Problem
Could you give the data below again exactly, apart from the pictures?

Supplied data
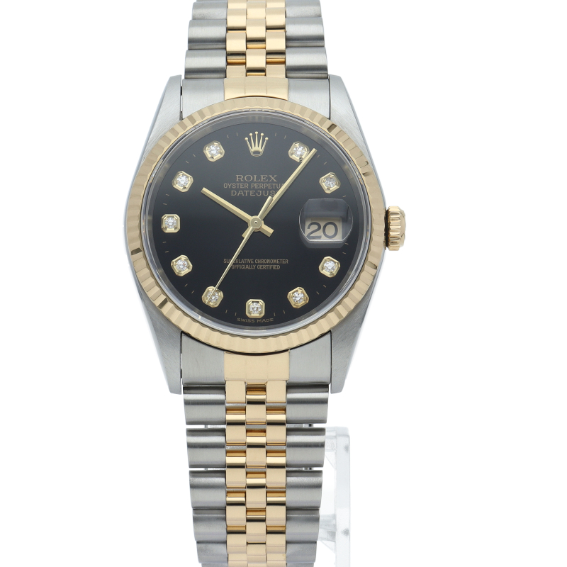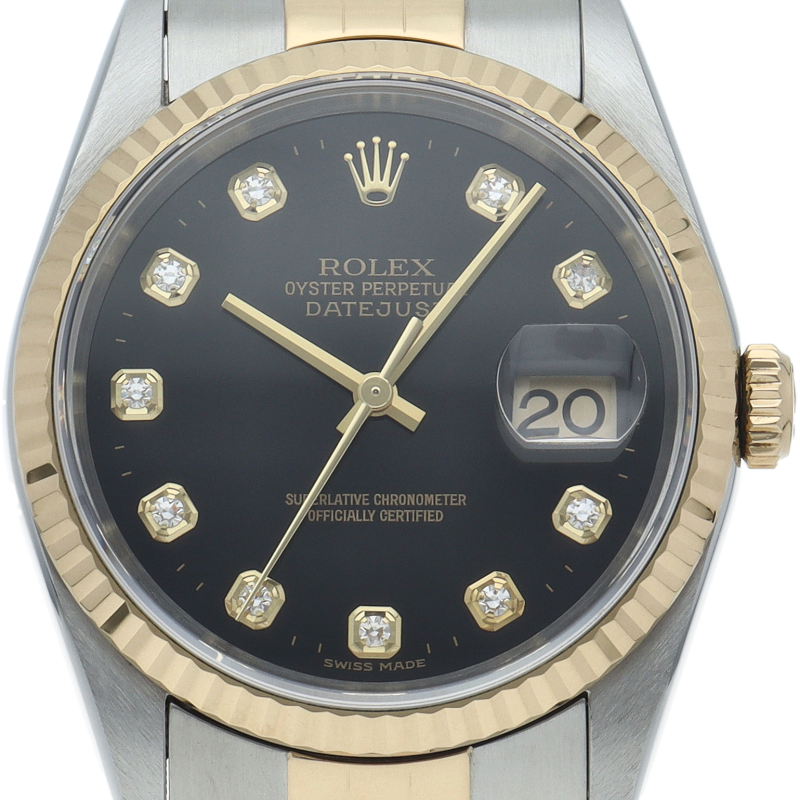 ロレックスのドレスウォッチの王道「デイトジャスト」。イエローゴールドとステンレスの組み合わせが上品で高級感を感じさせる1本です。
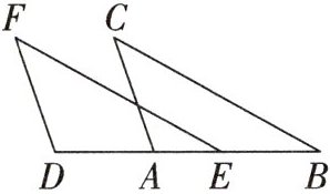 $∵ DA = EB$,$∴ DE = AB$,在 $△DEF$ 和 $△ABC$ 中,$\left\{ \begin{array} { l } { EF = BC, } \\ { DF = AC, } \\ { DE = AB, } \end{array} \right. ∴ △DEF ≌ △ABC ( SSS )$
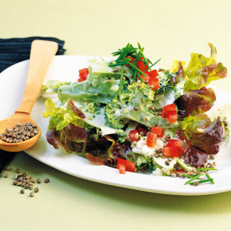 Frühlingsfrisch erfreut dieser Salat das Genießerherz. Die gerösteten Hanfsamen crunchen mit Brokkoli- und Blumenkohlröschen um die Wette.
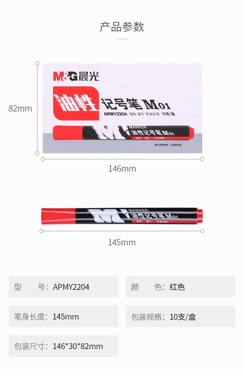 晨光(M&G)文具M(jìn)01單頭紅色記號(hào)筆 油性馬克筆 物流筆標(biāo)記大頭筆 10支/盒APMY2204

Answer below
 ロレックスのドレスウォッチの王道「デイトジャスト」。イエローゴールドとステンレスの組み合わせが上品で高級感を感じさせる1本です。
 $∵ DA = EB$,$∴ DE = AB$,在 $△DEF$ 和 $△ABC$ 中,$\left\{ \begin{array} { l } { EF = BC, } \\ { DF = AC, } \\ { DE = AB, } \end{array} \right. ∴ △DEF ≌ △ABC ( SSS )$
 Frühlingsfrisch erfreut dieser Salat das Genießerherz. Die gerösteten Hanfsamen crunchen mit Brokkoli- und Blumenkohlröschen um die Wette.
 晨光(M&G)文具M(jìn)01單頭紅色記號(hào)筆 油性馬克筆 物流筆標(biāo)記大頭筆 10支/盒APMY2204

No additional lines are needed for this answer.